World Economy

China FX Reserves at 8-Month High

China FX Reserves at 8-Month HighChina FX Reserves at 8-Month High

China’s foreign exchange reserves edged up in June for a fifth consecutive month, in line with market expectations, as capital outflows eased in the face of tighter regulations and the dollar’s rally paused.

Reserves rose $3.2 billion during June to $3.057 trillion, in line with economists’ forecast in a poll conducted by Reuters.

The reserves rose by $24 billion in May to $3.054 trillion. It was the first time that reserves had climbed for five months in a row since June 2014, and marked its highest level in eight months.

“China’s foreign exchange reserves suggest that outflow pressures may have eased last month,” wrote Julian Evans-Pritchard, China economist at Capital Economics, adding that June could mark the first month since October 2015 in which the People’s Bank of China was a net buyer of foreign exchange.
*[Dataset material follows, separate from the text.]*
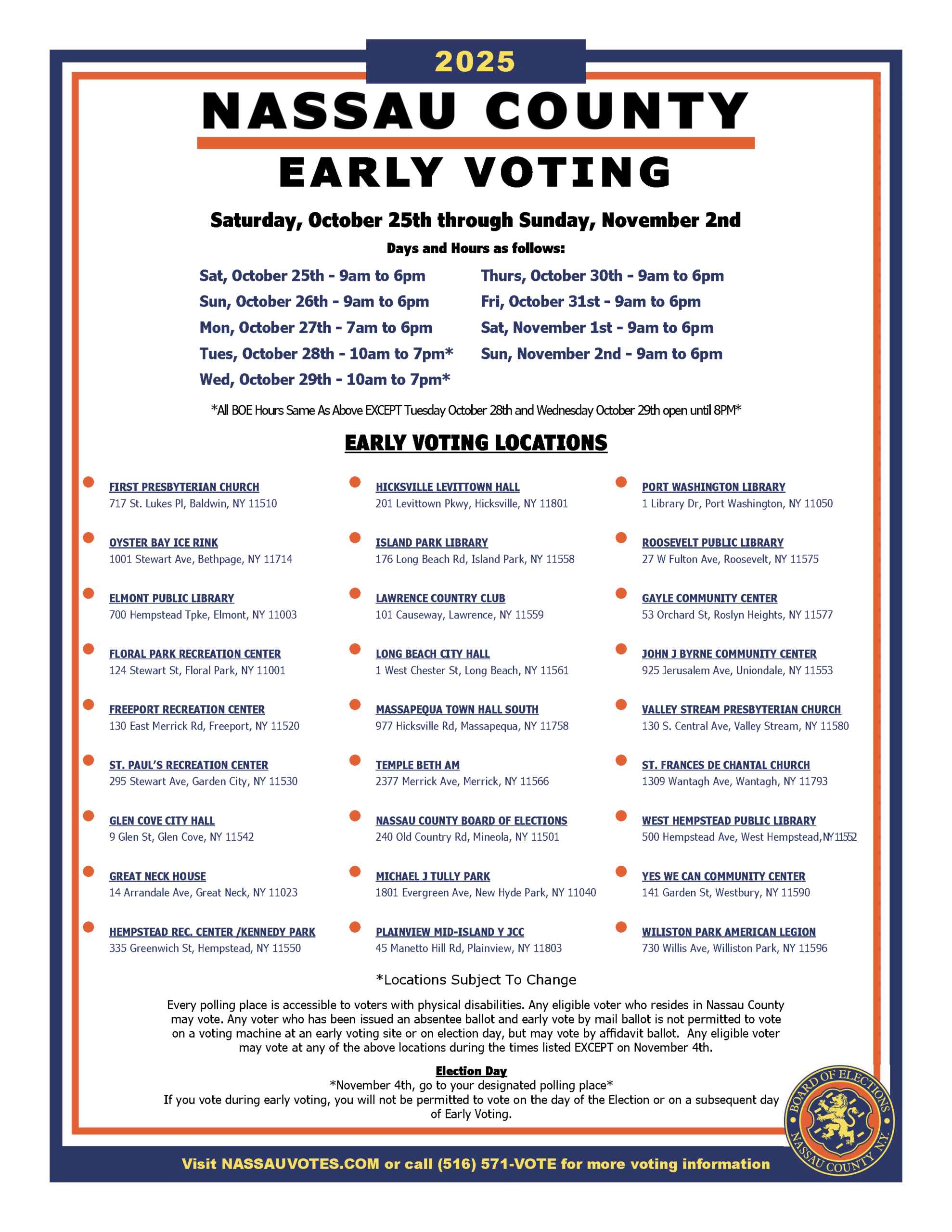 More Info: https://byrncenter.org/the-jjbc-is-proud-to-be-an-early-voting-location-for-the-2025-general-election/ Hours: Sat, Oct. 25: 9am – 6pm Sun, Oct. 26: 9am – 6pm Mon, Oct. 27: 7am – 6pm Tues, Oct. 28: 10am – 7pm* Wed, Oct. 29: 10am – 7pm* Thurs, Oct. 30: 9am – 6pm Fri, Oct. 31: 9am –

He estimated that China’s capital outflows dropped to roughly $10 billion in June from $29 billion in May.

The country’s foreign exchange regulator said that the slight increase in reserves in June was driven by stronger non-dollar currencies against the greenback.

China’s foreign reserves will remain stable as cross-border capital flows become more balanced, the State Administration of Foreign Exchange said in a statement following the data release.

China burned through nearly $320 billion of reserves last year but the yuan still fell about 6.5% against the dollar, its biggest annual drop since 1994.

Faced with an entrenched bearish yuan view, Beijing moved swiftly over the past few months to flush out speculators, quash expectations of a further steep depreciation and safeguard its reserves.

That strategy to head off risks to the economy from capital outflows seems to have worked so far, with the yuan up about 2% against the dollar this year.